School girl brutally assaulted: Minister, stop calling for action and act!
A video clip has emerged in which a school girl receives a violent kick to the head after being beaten to the floor. You can read about and watch the incident here. However, please note that the footage is graphic.
Further news reports reveal that the incident in fact took place in November of 2016. It also revealed that neither the police nor the school took any action against the alleged perpetrator.

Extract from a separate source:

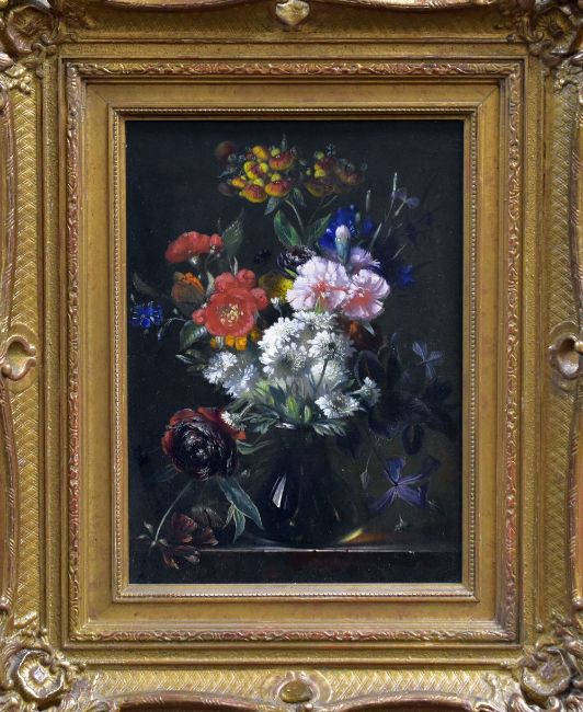 ARNOLDUS BLOEMERS (Dutch b.1792 d.1844) oil on board - still life study of various flowers in a vase on a table and with a single butterfly, signed with initials, 28 x 20cms
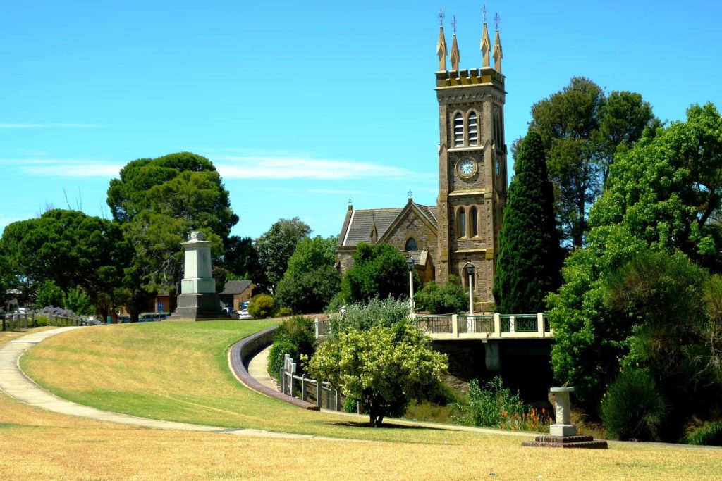 Strathalbyn (ca. 6.500 Einwohner) befindet sich ebenfalls im Landesinneren der Fleurieu Peninsula und liegt etwa 50 Kilometer nordwestlich von Victor Harbor sowie circa 60 Kilometer südöstlich von Adelaide. Der 1839 gegründete Ort mit seinem netten Park am Angus River und der alten St. Andrew’s Church zeichnet sich durch eine gelassene Atmosphäre, hübsche Gebäude und eine malerische Lage aus. Das Strathalbyn Police Station and Courthouse Museum (Webseite), die historische High Street, diverse Kunstgalerien und gemütliche Cafés sind andere Highlights. Darüber hinaus findet immer im August eine große Antiquitäten-Messe statt und jeden Donnerstag kann man den Viehmarkt besuchen.

There is no situation in which this sort of violence against women can be condoned.
Where authorities are slow to act, they are complicit in this ongoing scourge.
It’s time that South Africans become intolerant of the ongoing violence against women and children.
Women and girls are brutally attacked and yet we expect them to pick and carry on functioning in society while authorities are slow to bring perpetrators to book.
We’ve started women’s month with the Deputy Minister of Higher Education, Mduduzi Manana, admitting to assaulting a woman. Following the incident, many have questioned whether he is receiving preferential treatment because he is a Cabinet Minister.
On that basis, some are asking why as serious action against him is not being taken. The Herald reports that calls for him to be fired are mounting and yet we see inaction persist.
Are we serious about protecting women?
These movements are dedicated to educating the public and showing that violence and women abuse is wrong, yet the status quo seems to become more and more entrenched with every brutal attack.
We have to ask, where does the disdain for women come from? How can we allow the violence that emanates from it to continue?
It’s time that we become strong in our approach when dealing with people who assault, abuse, rape and murder women.
- We need rapid response: the South African Police Service (SAPS) must be quick to investigate, apprehend and charge suspects.
- The National Prosecuting Authority (NPA) must ensure that prosecution happens as efficiently as possible.
- We must look at whether we are indeed upholding minimum sentencing standards, where someone has been found guilty of assaulting women and girls.
As it is, the wheels of justice are simply turning too slowly, if at all.
According to a recent news report, the Minister of Social Development, Bathabile Dlamini has called for harsher sentences for women abusers.
The irony is that she is a Cabinet Minister and has the power to draft a green paper, which could ultimately culminate in legislation to that effect. At the very least she could request that a member of her caucus in Parliament could submit a Private Member’s Bill to that effect.
She has no need to ‘call’ for it as she has the power to action it.
It’s time to act in defense of women and children.